### Task item
From the data below, return only the lines from the one with "3dílná zahradní sedací" through the one with "訂婚生日小禮服裙高端輕奢小眾高級感別致漂亮黑色掛脖吊帶連衣裙", exact and inclusive, with pictures left out.

### Information provided
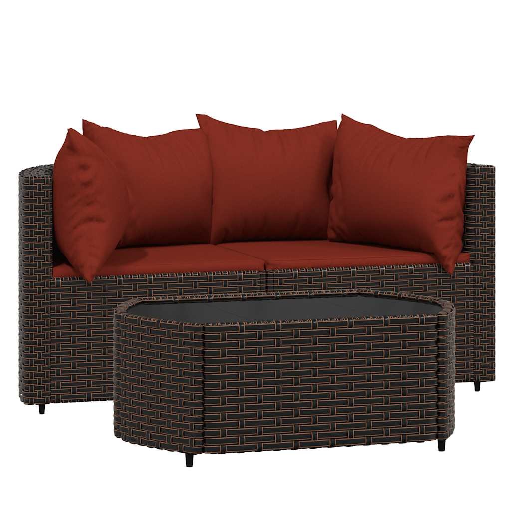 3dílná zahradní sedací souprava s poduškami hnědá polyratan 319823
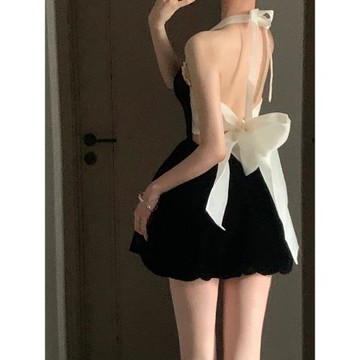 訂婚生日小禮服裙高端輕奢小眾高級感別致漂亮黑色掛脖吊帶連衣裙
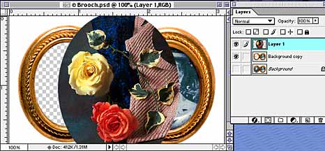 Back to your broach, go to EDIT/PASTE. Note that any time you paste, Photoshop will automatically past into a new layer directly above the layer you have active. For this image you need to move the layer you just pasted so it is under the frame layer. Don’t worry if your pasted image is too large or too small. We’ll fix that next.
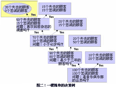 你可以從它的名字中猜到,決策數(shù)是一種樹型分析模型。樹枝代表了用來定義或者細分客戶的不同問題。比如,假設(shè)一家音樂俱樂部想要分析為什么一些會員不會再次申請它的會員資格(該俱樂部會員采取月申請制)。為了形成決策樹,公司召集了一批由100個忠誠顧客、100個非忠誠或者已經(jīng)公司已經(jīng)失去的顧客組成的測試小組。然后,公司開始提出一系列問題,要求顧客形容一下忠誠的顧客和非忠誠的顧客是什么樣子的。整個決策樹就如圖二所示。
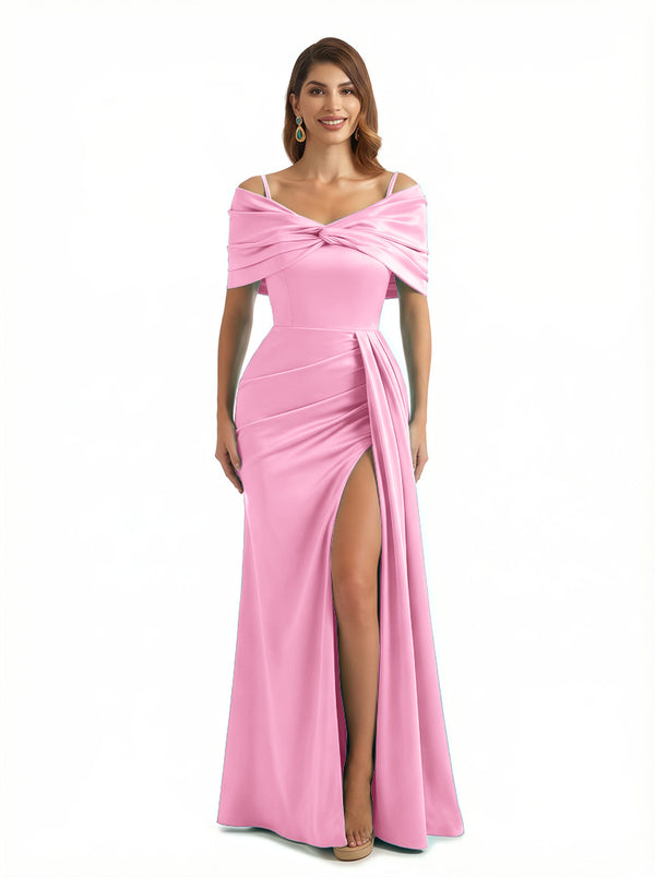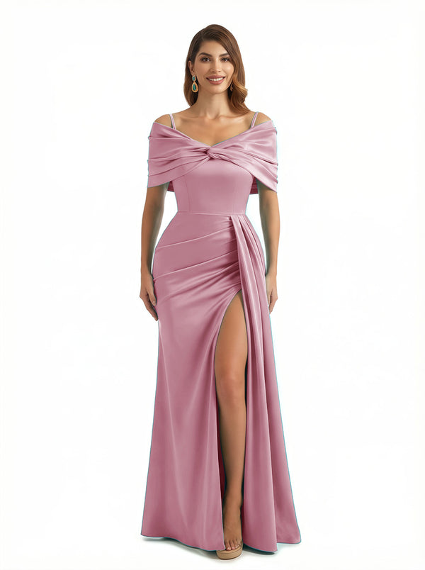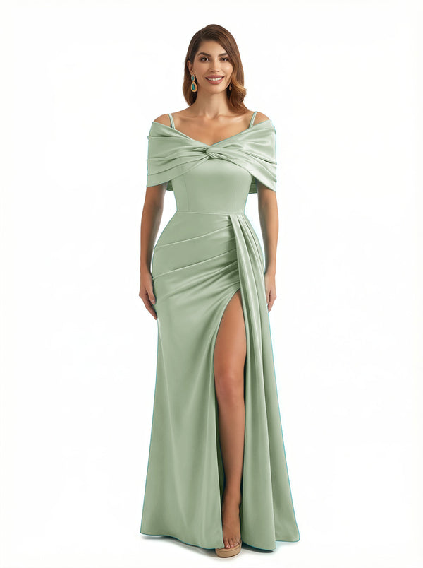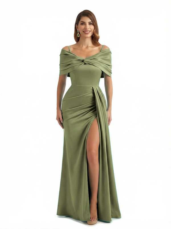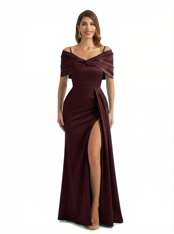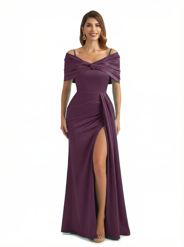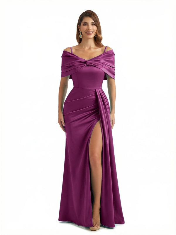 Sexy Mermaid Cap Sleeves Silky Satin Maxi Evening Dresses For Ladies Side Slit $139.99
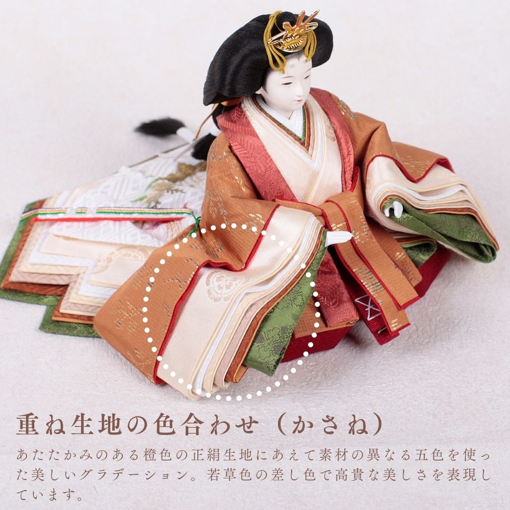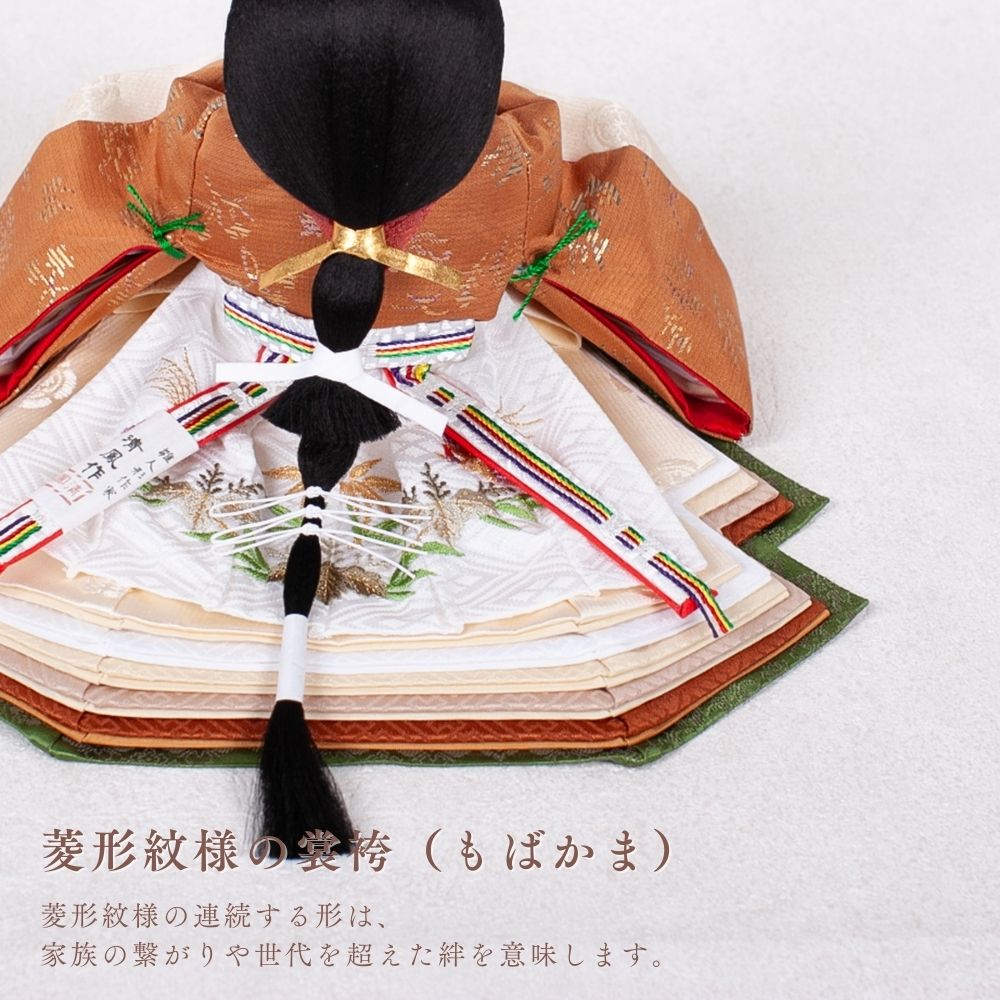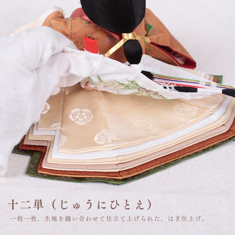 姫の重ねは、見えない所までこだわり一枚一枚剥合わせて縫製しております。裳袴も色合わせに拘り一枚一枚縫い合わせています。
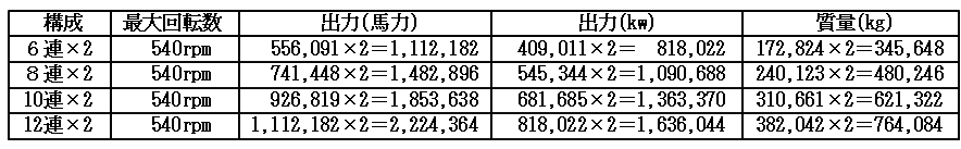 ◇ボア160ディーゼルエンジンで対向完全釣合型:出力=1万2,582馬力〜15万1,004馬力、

==

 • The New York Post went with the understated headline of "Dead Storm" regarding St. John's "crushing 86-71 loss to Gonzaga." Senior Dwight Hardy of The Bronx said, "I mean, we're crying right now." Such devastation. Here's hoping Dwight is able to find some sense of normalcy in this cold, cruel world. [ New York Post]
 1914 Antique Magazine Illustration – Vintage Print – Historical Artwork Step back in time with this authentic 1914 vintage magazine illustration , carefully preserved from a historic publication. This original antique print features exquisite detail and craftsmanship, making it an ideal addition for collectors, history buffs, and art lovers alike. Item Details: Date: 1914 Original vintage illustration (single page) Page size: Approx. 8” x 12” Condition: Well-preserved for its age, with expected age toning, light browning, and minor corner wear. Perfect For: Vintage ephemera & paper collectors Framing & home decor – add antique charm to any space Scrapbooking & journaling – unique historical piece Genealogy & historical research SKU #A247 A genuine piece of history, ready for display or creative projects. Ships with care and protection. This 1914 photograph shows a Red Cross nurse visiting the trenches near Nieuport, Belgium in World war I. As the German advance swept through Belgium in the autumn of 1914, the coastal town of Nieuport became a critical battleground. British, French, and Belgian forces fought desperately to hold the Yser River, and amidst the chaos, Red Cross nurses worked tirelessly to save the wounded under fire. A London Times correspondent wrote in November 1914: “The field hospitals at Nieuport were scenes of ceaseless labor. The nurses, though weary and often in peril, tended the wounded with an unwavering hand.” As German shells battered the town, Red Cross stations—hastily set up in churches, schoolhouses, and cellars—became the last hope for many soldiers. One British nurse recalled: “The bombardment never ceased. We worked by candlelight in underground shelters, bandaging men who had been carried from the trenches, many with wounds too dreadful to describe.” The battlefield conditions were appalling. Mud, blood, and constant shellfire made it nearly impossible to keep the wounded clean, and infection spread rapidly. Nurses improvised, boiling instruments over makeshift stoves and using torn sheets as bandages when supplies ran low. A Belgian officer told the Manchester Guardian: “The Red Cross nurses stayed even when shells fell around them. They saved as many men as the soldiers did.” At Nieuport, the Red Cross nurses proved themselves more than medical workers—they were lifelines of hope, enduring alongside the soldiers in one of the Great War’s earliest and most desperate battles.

### Exercise response
 3dílná zahradní sedací souprava s poduškami hnědá polyratan 319823
 訂婚生日小禮服裙高端輕奢小眾高級感別致漂亮黑色掛脖吊帶連衣裙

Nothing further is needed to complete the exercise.